Kutlu Doğum'un tüm insanlığın, tüm Müslümanlığın yeniden birleşmesine vesile olmasını dileyen Görmez, ''Bu sene çağrımız 'Gelin birlik olalım' çağrısı. İpsala'da yaptığımız bu programın özel bir anlamı var. Hepiniz gelerek, şunu dediniz; Ülkelerimizin arasına sınırlar konabilir ancak kalplerimizin arasına hiçbir sınır konulamaz. Ancak bir sevda var ki ona sınırlar konulamaz, o sevda Muhammed Mustafa sevdası, Peygamber sevgisidir.'' diye konuştu.
Görmez, etkinlikte okunan selaları az ötede Dimetoka'da 100 yıldır ezan sesine hasret kalmış Çelebi Mehmet Camisi'ne armağan ettiklerini söyledi.
Bu sene ilan ettikleri temanın ''Hz. Muhammed, Tevhid ve Vahdet'' olduğunu anlatan Görmez, Kelime-i Tevhid'in Müslümanları tüm kan kardeşliğinden öte, birbirine bağladığını vurguladı.
Tevhidin sadece Allah'ın varlığı ve birliğine iman etmekten ibaret olmadığını belirten Görmez, konuşmasını şöyle sürdürdü:
''Allah'ın şanını yüceltmekten ibaret değil tevhid, bütün kainatın inancıdır. Kuran'a göre tüm kainat Allah'a teslim olmuştur. Bu anlamda bütün varlık alemi Müslümandır, Allah'ı tespih eder. Kuşların dilidir, ağaçların, güneşin, yıldızların dilidir tevhid. Sorunu çıkaran insan. Oysa tüm kainat Allah'a teslim olmuştur. Tevhid bir tarihtir, medeniyettir, kainatı doğru okumaktır, kul ve köle olanlara, kul ve köle olmamaktır. Tevhid medeniyeti mensupları, varoluş gayesini bilirler, yaradılışın anlamını kaybetmezler, Tevhid medeniyetine göre, dünya doğu ve batı diye ikiye ayrılmaz. Dünya insanlığın bir kısmı bir başka kısmının nimetlerini sömürüyor, sonra da insanlığı tasnif ediyor, gelişmiş, gelişmekte, gelişmemiş ülkeler… Tevhid medeniyetine göre, insan insanın kurdu değil, insan insanın yurdudur, rengine, mezhebine, diline, dinine göre tasnif etmez, zengin olmanın Allah katında bir hükmü yoktur. Tevhid medeniyetine göre, insanlar sadece erdem ve faziletlerle değer bulurlar. Tevhide göre, insanlar iyi işler yaptıkları zaman değer bulurlar. Bugün insanlığın değersizleşmeye başladığı bir çağı yaşıyoruz. İnsanlığı diriltmek, sadece can taşımak, diri olmak anlamına gelmiyor. İnsanlığı yaşatmak, yüceltmek, diriltmek için birlik olmak gerekiyor. Bu da tevhidden geçiyor, tevhidin gayesi vahdettir.''
İslam dininin üç büyük gayesinin selam, eman ve vahdet olduğunu aktaran Görmez, İslamın yer yüzündeki en büyük gayesinin ise selam olduğunu vurguladı.

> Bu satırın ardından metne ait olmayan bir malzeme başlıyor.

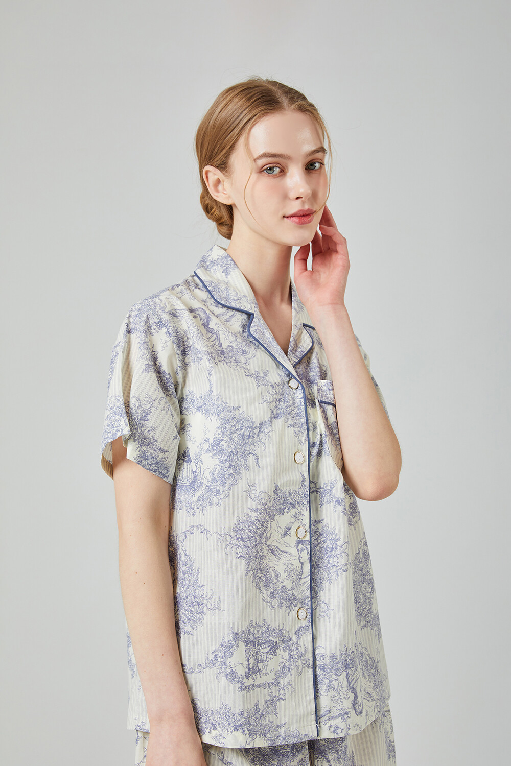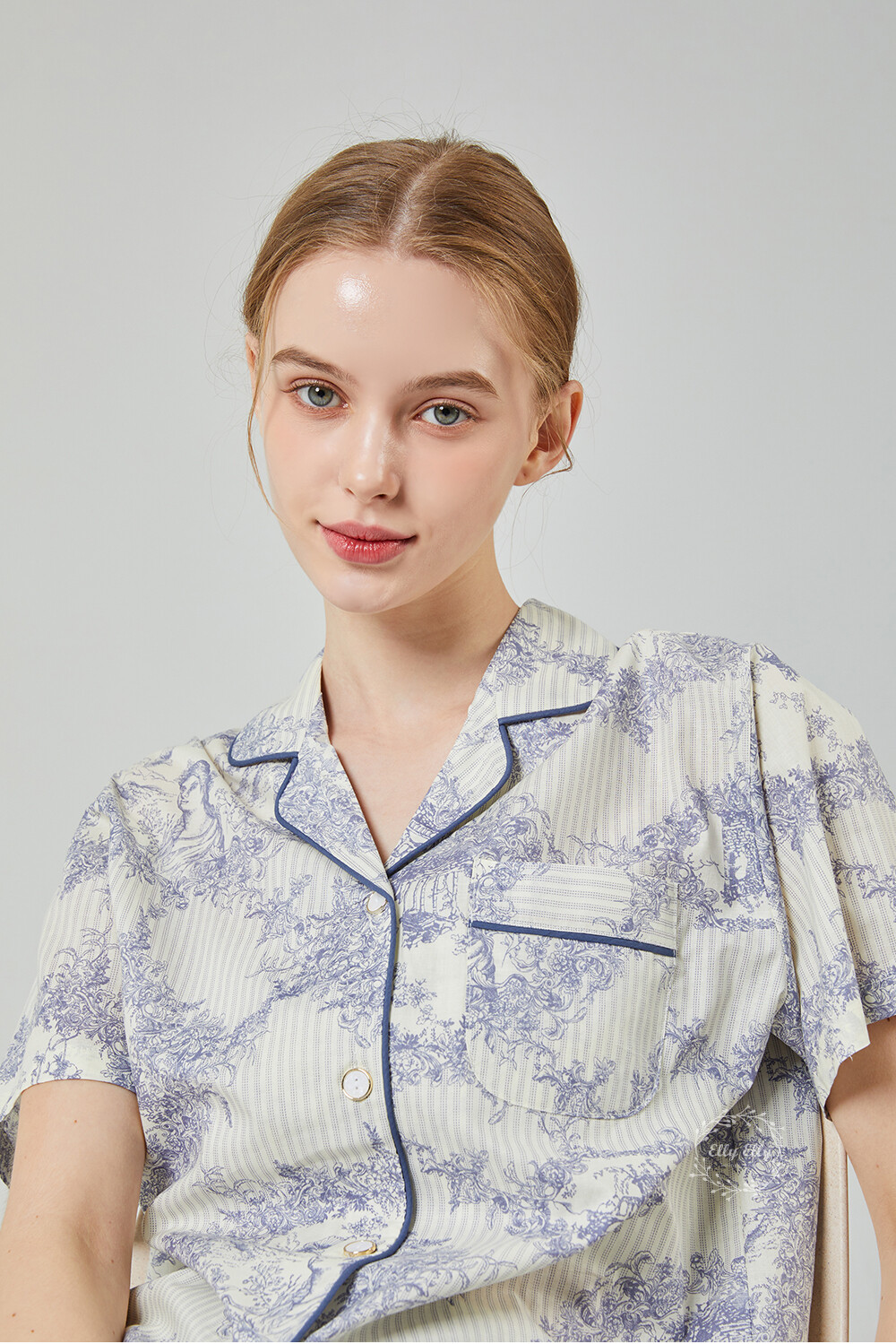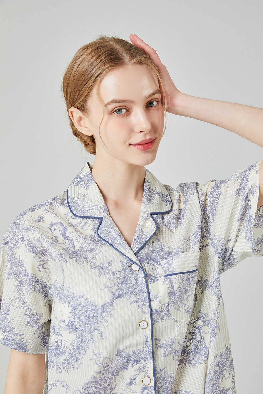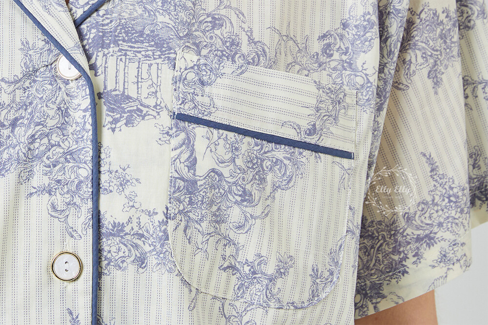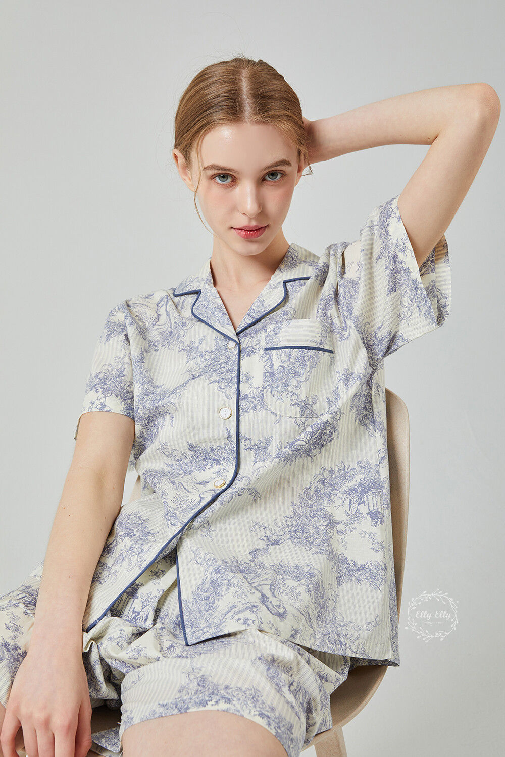 LL-804 엘리엘리 정품 명화그림 와이카라 여성 반팔상하 네이비

Görmez, bugün İslam dünyasında İslamın selama dönüşmediğine işaret ederek, şöyle devam etti:
''İslamın yeryüzündeki en büyük gayesi selamdır, selam barış demektir. Kimi görürsek, tanıyalım, tanımayalım selamün aleyküm diyoruz. Sen barışsın, selam sendendir ya Rabbi diyoruz. Ancak bugünlerde İslam dünyasına baktığımızda, İslam maalesef selama dönüşmüyor. Niçin İslam selam getirmiyor? İkincisi iman, iman güveni beraberinde getirir, iman emanı getirir. İmanın olduğu yerde güven olur. Mümin aynı zamanda güvenilir demektir. Tevhid de vahdet getirir. İslam dünyasına baktığımızda, İslam selama dönüşmüyor, her yerde savaş, cinayet şebekeleri, terör, din adına işlenen cinayetler… İstirham ediyorum, bilhassa son on yıllarda İslam dünyasında çıkan bu yanlış düşünceleri, kendi ülkelerinize, coğrafyalarınıza, çocuklarınıza taşımayın. Bunun yolu, onları dinimiz konusunda, daima doğru bilgilendirmekten geçmektedir. İman neden eman oluşturmuyor. Güven ülkeleri neden oluşmuyor. Tevhid neden vahdete dönüşmüyor?''
İnsanlığın merhametinin azaldığını kaydeden Görmez, insanlığın Hz. Muhammed'in getirdiği merhamete ihtiyacı olduğunu belirtti.
Diyanet İşleri Başkanı Prof. Dr. Görmez, Hz. Muhammed'in hayvanlara gösterdiği merhamete bir örnek sunarak, ''Geçen hafta Amerika'da açtığımız caminin etrafı ormanlık, çokça sinek var. Bir sinek ilacı yok mu dedim, 'Hocam Amerika'da sinek ilacı kullanmak yasaktır' dediler. 'Maşallah' dedim. Çünkü tabiatın dengesini bozuyormuş. Bir maşallah daha çektim, sonra dedim ki (ah keşke Irak'ta 1 buçuk milyon insan ölürken de bu kadar hassas olabilseydiler.) Bir örnek de bizden, geçen sene Arafat'ta sivrisinek doluydu, ihramlı olduğumuz için sinek geliyor, 'afiyetle yiyin' diyorsunuz, dokunamıyorsunuz. İhramla Allah müminlere ders veriyor. Sivrisineklere dokunamadık Arafat'ta. Sonra geldik Cemerat'a, şeytanı taşlarken binlerce kardeşimizi, ezerek öldürdük. Allah bizi bu çelişkilerden kurtarsın. Allah biz insanlığa yeniden merhamet lütfetsin.'' değerlendirmesinde bulundu.
Erzurum Palandöken Solakzade Camisi İmam Hatibi Ali Turhan'ın Kur'an-ı Kerim okuduğu programda, şef Ali Ortapınar'ın yönetimindeki koro, tasavvuf musikisinden örnekler seslendirdi.
Etkinliğe, Sağlık Bakanı Mehmet Müezzinoğlu, Edirne Vali Vekili Beyazıt Tanç, İskeçe, Gümülcine, Makedonya, Kosova, Bulgaristan'dan gelen başmüftüler, din adamları, kamu kurum ve kuruluşlarının müdürleri ile Balkanlar'dan gelen misafirler ve farklı şehirlerden gelen vatandaşlar katıldı.
Diyanet İşleri Başkanı Görmez, programın sonunda Balkanlar'dan gelen din adamlarına gül verdi.